As a family we judged people by whether they were kind to Edna or not. If they were kind we were grateful, and they could enter our gates. If not, we turned our backs.  Looking back it was like we were a handicapped family. We were sailing on different kind of ship than the families around us. And certainly while I was growing up I internalized that label and felt inadequate.  But later on I learned to feel compassion for anyone who walks through life loaded down with labels. My ability to feel empathic is in large part what has made me a good psychotherapist. In a way I have spent my life learning not to label people or myself, not to think in terms of hierarchy or comparison, not to see the world in a polarized, black and white, or have and have not way.  There is so much scarring and suffering that happens from this way of thinking.

How has being Jewish, and first generation American been a part of your life?

On the one hand I had parents with thick accents, who didn’t understand some of American culture. And in addition to my sister, that was just another way that I felt different and marginalized. I just wanted to be American and do things like drink coke and get a permanent for my hair, things my parents disparaged. As a child one aspiration I had was to be a drum majorette, and I convinced my mother to let me have baton twirling lessons in addition to my piano and dance ones.

But on the other hand I was fiercely proud of my parents who had the wisdom to leave     Germany in the early thirties, because they saw the writing on the wall. They had a long refugee journey, which ended in NYC, where I was born.  I grew up with a strong Jewish consciousness and a pride in being part of a group of people who has survived for thousands of years, and in the process made so many contributions to the well being of humanity. While we didn’t belong to a synagogue when I was a child, as an adult I have been a member of two wonderful synagogue communities, where I have always felt welcome.

In your teen years, you discovered your own invisible disability.  How did that affect your relationship with Edna?

Yes, just short of my 16thbirthday, when I hadn’t yet menstruated, my mother took me to a gynecologist and I learned that I was born without a uterus, and would, in fact never menstruate, and of course not be able to have birth children.  At first, I felt like I was now with Edna in the deficit pile.

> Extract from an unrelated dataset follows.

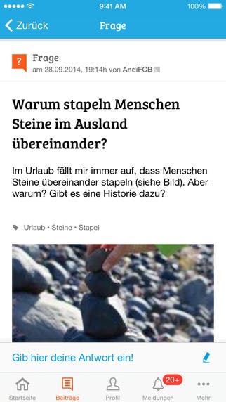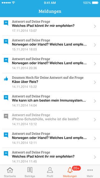 Der Sprung von 1.9 nun auf die neue 2.0 Version der Gutefrage.net App hat dem System durchaus gut getan. Es gab vor allem eine starke Anpassung an das flache Design von iOS mit modernen optischen Spielereien. Die Navigation bleibt dabei immer übersichtlich und so könnt ihr all eure Fragen im Profil verwalten und auch eine Übersicht über Antworten anzeigen lassen. Bewertungen zeigen immer den hilfreichsten Beitrag zur Fragestellung.

I was now damaged goods just like her.  Later in life I found out this syndrome has name: MRKH, and there are other women like me. For an inexplicable reason the doctor never gave me the actual name, and I grew up feeling like a complete anomaly. But in fact, how lucky I was to have Edna. It was her way of being and love for me that became the core of my strength and ability to find my way to self -acceptance.

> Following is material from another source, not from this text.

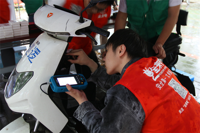 上午10點(diǎn),啟動(dòng)儀式在陶然亭街道南華里社區(qū)成功舉行后,轄區(qū)居民陸續(xù)將電動(dòng)自行車停放至活動(dòng)現(xiàn)場積極參與檢測。

What is the meaning of the kaleidoscope metaphor that emerges in your book?

A kaleidoscope has a fixed number of colored stones that create a pattern. But if you    turn it even the tiniest bit, the stones rearrange themselves into another pattern. This is a metaphor I use in various places to illustrate the possibility of seeing the same situation or issue from another perspective that actually changes your reality. For example, toward the end of her life, because of health reasons, Edna needed to leave the spiritual community where she had lived for almost forty years, and move to a nursing home. I was horrified. But after awhile it turned out that with the 24 hour 7 care she got, she actually could live more independently than she had in her previous life.  She arranged her own activities, took cabs to the local town for its greenmarket and went to concerts by herself. The kaleidoscope turned and I saw it all another way.

When your sister died you say it was a transformative experience for you, and led you to write the memoir. Can you say more about this?

After Edna died I really missed her, and although I had always known she was important to me, I didn’t quite realize how significant she really was. Writing the book was my journey of finding out. As I wrote I kept discovering more about how she helped me, just by being who she was.  Also, like many challenged people, her life and accomplishments are not as visible as those of so-called normal people. Even friends and colleagues of mine didn’t know much about her.  I wanted to honor her and make her life and its impact on me palpable and visible.